CDK1 lacks this plasticity; its rigid binding pocket forces the inhibitor into
a suboptimal pose. Second, CDK2 sustains dense, persistent hydrogen-bond
networks (3–5 bonds for Dinaciclib; 2–4 for AZD5438) that remain stable
throughout the trajectory. CDK1 networks are sparse and transient. Third,
ordered water molecules mediate stable, indirect hydrogen bonds in CDK2
complexes. Greater pocket flexibility in CDK1 displaces these bridging waters.
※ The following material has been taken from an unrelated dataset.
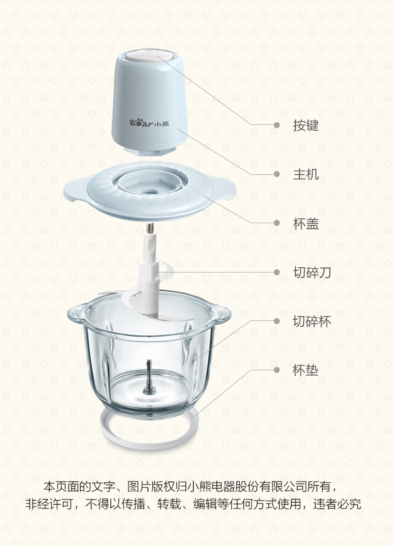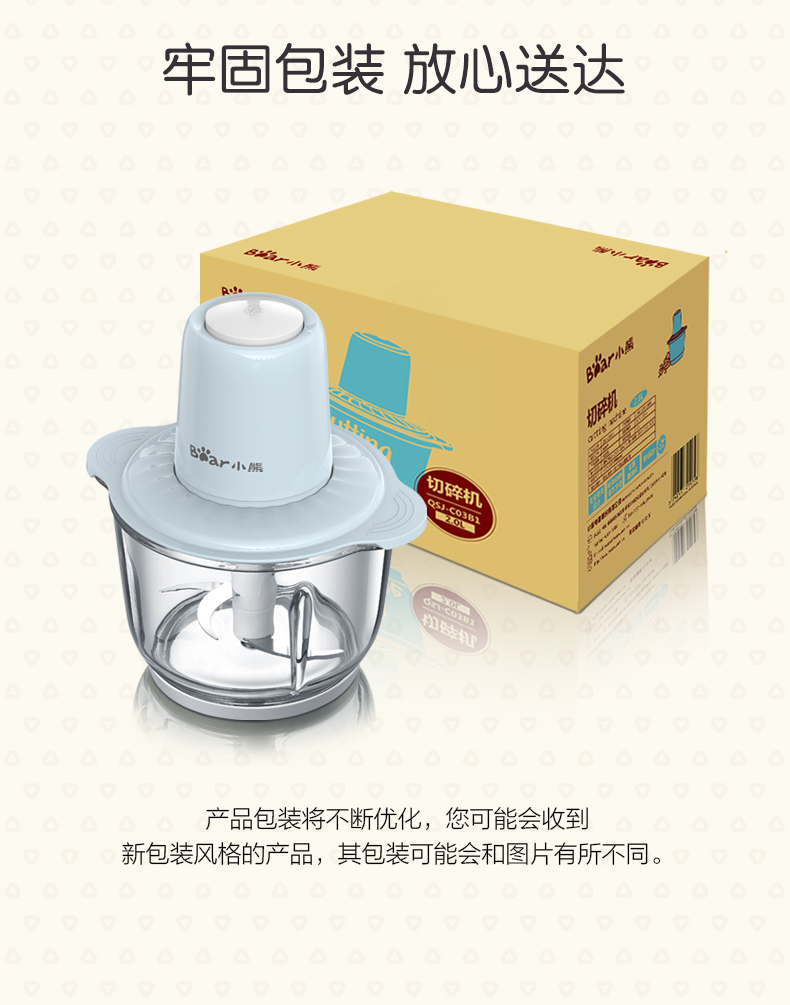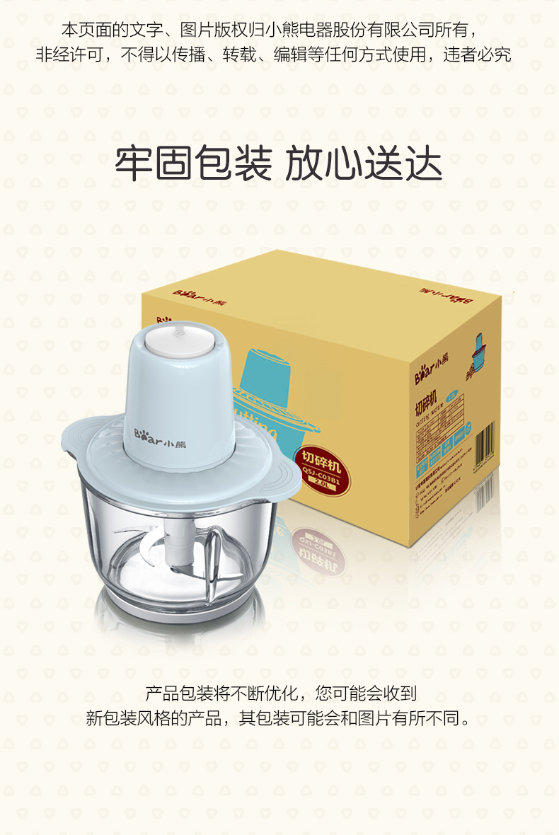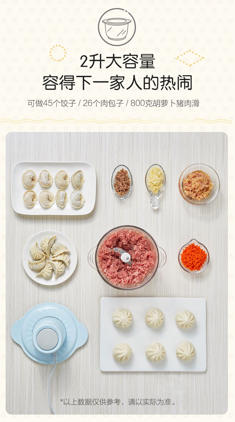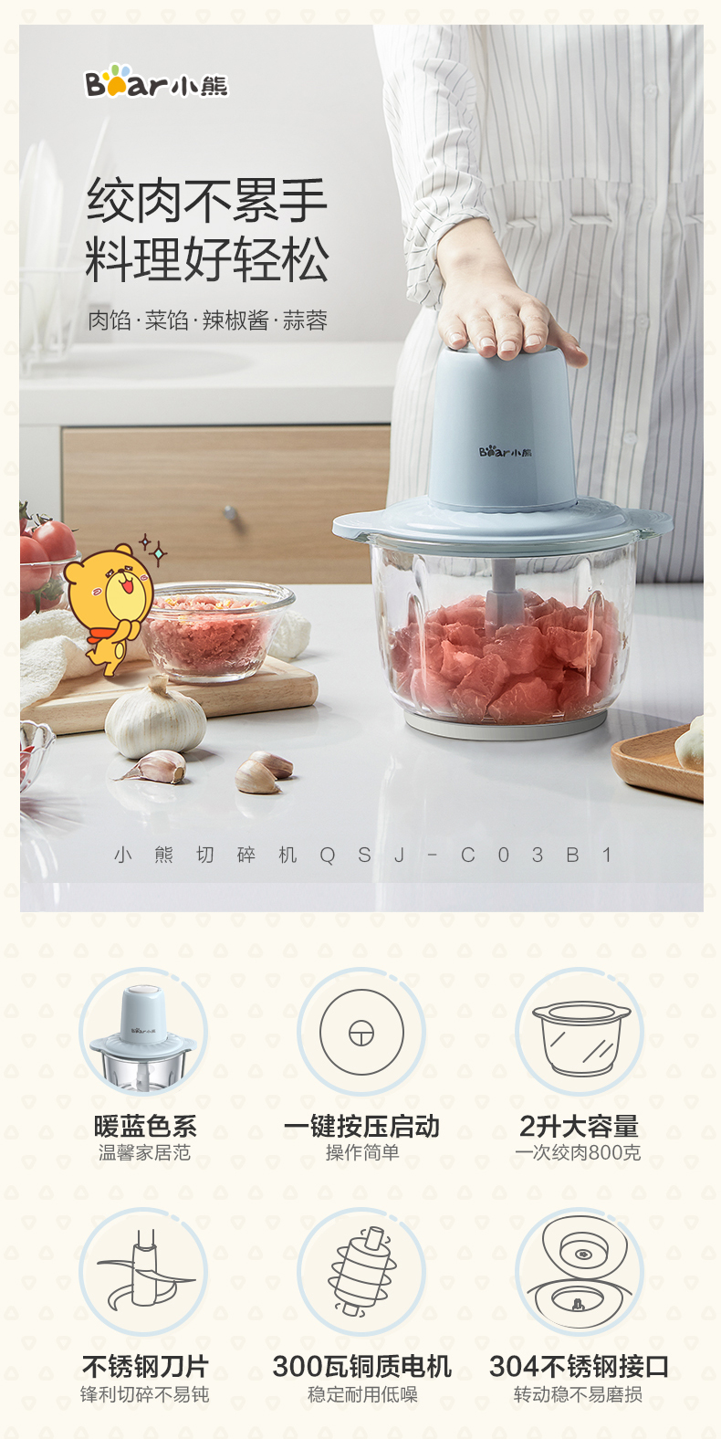 商品名称:小熊(Bear)绞肉机家用料理机QSJ-C03B1 2L单位:个 天蓝色

Fourth, CDK2 provides a tighter hydrophobic enclosure for all three inhibitors
(SASA ~0.2 nm² lower on average) [18] .
These four mechanisms operate
synergistically. The induced-fit rearrangement of CDK2's hinge region enables
the formation of a stable three-point hydrogen-bonding triad with Dinaciclib;
this triad stabilizes the ordered water network, and the overall pocket
reorganization creates a deeper hydrophobic cavity that buries the inhibitor
more completely. CDK1's rigidity prevents the first step in this cascade, and
all subsequent mechanisms fail as a result. This cascade model explains why the
experimental Kd differences are so large despite the structural near-identity
of the two active sites.
The design implications are
specific. Inhibitors targeting cyclin-free CDK2 should be optimized to engage
the dynamic hinge-region rearrangement, favoring scaffolds that establish a
three-point polar interaction network. The residues identified as persistent
contact partners in CDK2 but not CDK1, particularly PSTAIRE helix and
hinge-region residues, represent priority pharmacophore anchors. Limitations
include the use of classical, non-polarisable force fields and 100 ns
trajectories, which may miss slower conformational transitions on
microsecond-to-millisecond timescales.
5. Conclusion
This study provides an
atomistic, multi-metric characterization of the conformational and energetic
basis of CDK1/CDK2 isoform selectivity. Through 100 ns all-atom MD simulations
of five CDK–inhibitor complexes, we demonstrate that selectivity is encoded in
local pocket dynamics rather than global structural differences. CDK2 achieves
superior inhibitor binding through a convergence of four mechanisms:
induced-fit accommodation, persistent hydrogen-bond networks stabilized by
ordered water molecules, and tighter hydrophobic burial. CDK1 is
conformationally rigid and fails on all four counts. Per-residue contact
analysis identifies hinge-region and PSTAIRE-helix residues as primary
determinants of selectivity. These findings provide a mechanistic blueprint for
the rational design of next-generation CDK2-selective inhibitors.